[BioRuby] GSoC weekly status report No.4

Marjan Povolni marian.povolny at gmail.com
Mon Jun 18 18:28:12 UTC 2012


http://blog.mpthecoder.com/post/25375170121/gsoc-weekly-status-report-no-4

During the last week combining records into features has been added, and
also connecting the features into parent-child relationships. Validation
messages have been enhanced with file names and line numbers, and now look
like errors reported by a compiler. Feels most natural to me.

Combining the features into records works by keeping a forward cache of a
number of features (1000 by default, configurable). That means that the
parsing results will be correct only if records which are part of the same
feature are at most 1000 features from each other, or the amount of
features set. The first implementation which was comparing the IDs of
records required 10min for a 233MB file. After switching to first comparing
hash values of IDs instead, and only if they match comparing the IDs, the
parsing time was down to 45s. After fixing a bug, the time is now 10
seconds for the 233MB m_hapla file :)

Linking the features into parent-child relationships works similarly, by
using 32-bit hashes most of the time instead of comparing strings. With
this functionality turned on, the same file is parsed in 13 seconds.

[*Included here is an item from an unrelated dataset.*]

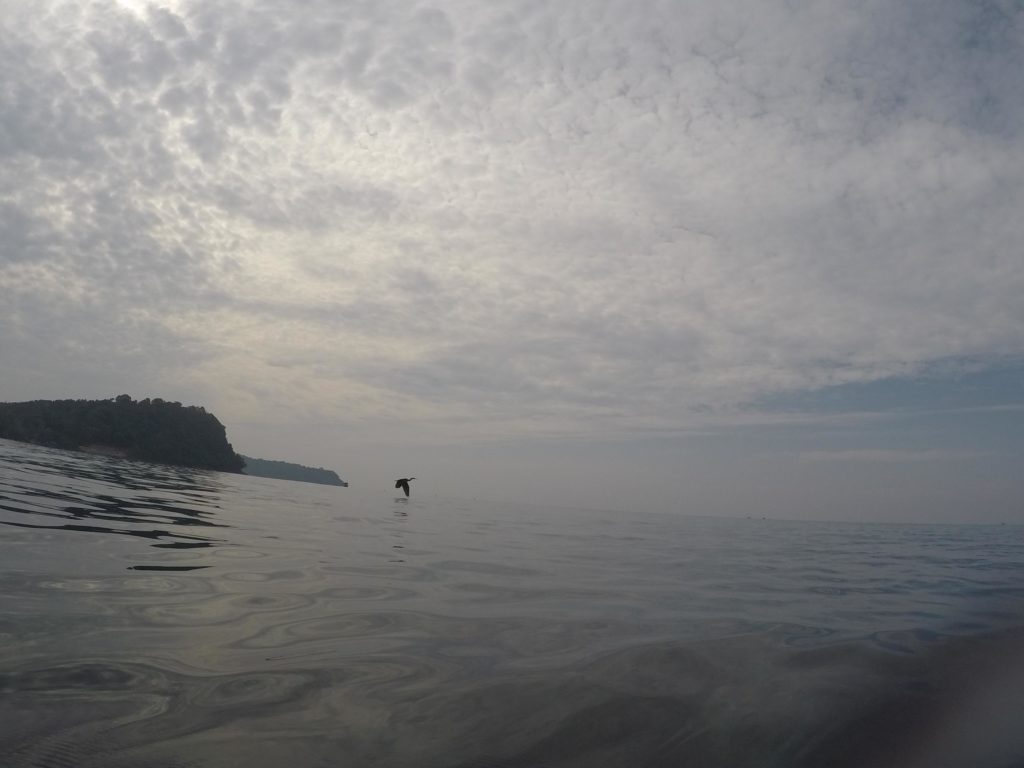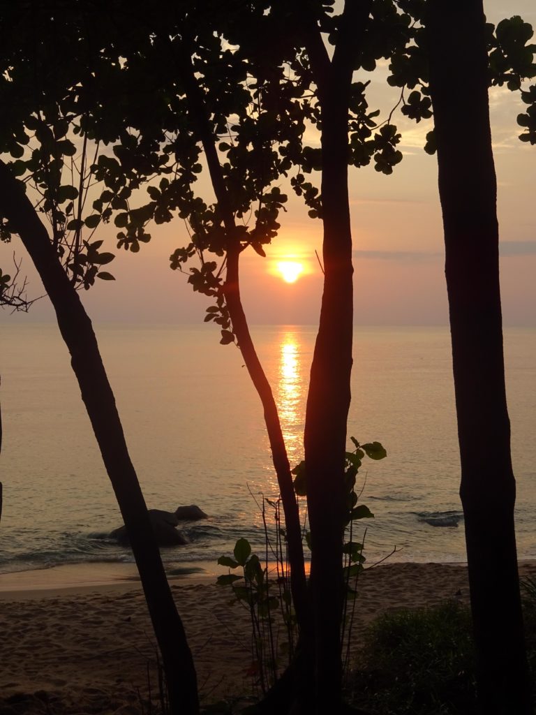 Ce n’est cependant pas encore le moment de se reposer pour moi. J’ai une heure de marche pour atteindre mon hébergement à Sunset Beach, une plage reculée réputée pour ses couchers de soleil. Je longe la plage principale longue de plus de 2 km où se succèdent resort de luxe et bungalows plus sobres. Les touristes se prélassent entre leur logement et la plage. L’atmosphère est paisible, le temps a l’air de s’être arrêté. Je m’enfonce ensuite dans la jungle pour rejoindre l’autre côté de l’île. Le changement de décor et d’ambiance est brutal lorsqu’on quitte la plage. Avec les cris stridents des insectes, l’atmosphère y est plus inquiétante. Il vaut mieux s’équiper de répulsif anti-moustique ici. Il me semble distinguer des cris de singe parmi le bruit ambiant mais je ne parviens pas à les apercevoir.

All the measurements have been done using the benchmark utility, which has
a few more options for setting what should be run.

Otherwise I did more refactoring, moved all the gff3_* files into a gff3
directory, so the D modules are now bio.gff3.*, parsing functions are now
static methods of GFF3File and GFF3Data classes, etc.

For the new week, I would like to add filtering to the D library, which I
can then use to implement iteration over genes, mRNAs, CDS features, etc.
After that the library should be pretty much complete feature-wise, at
least per what was promised in the project proposal, so I’ll continue by
defining the C API and developing the Ruby gem.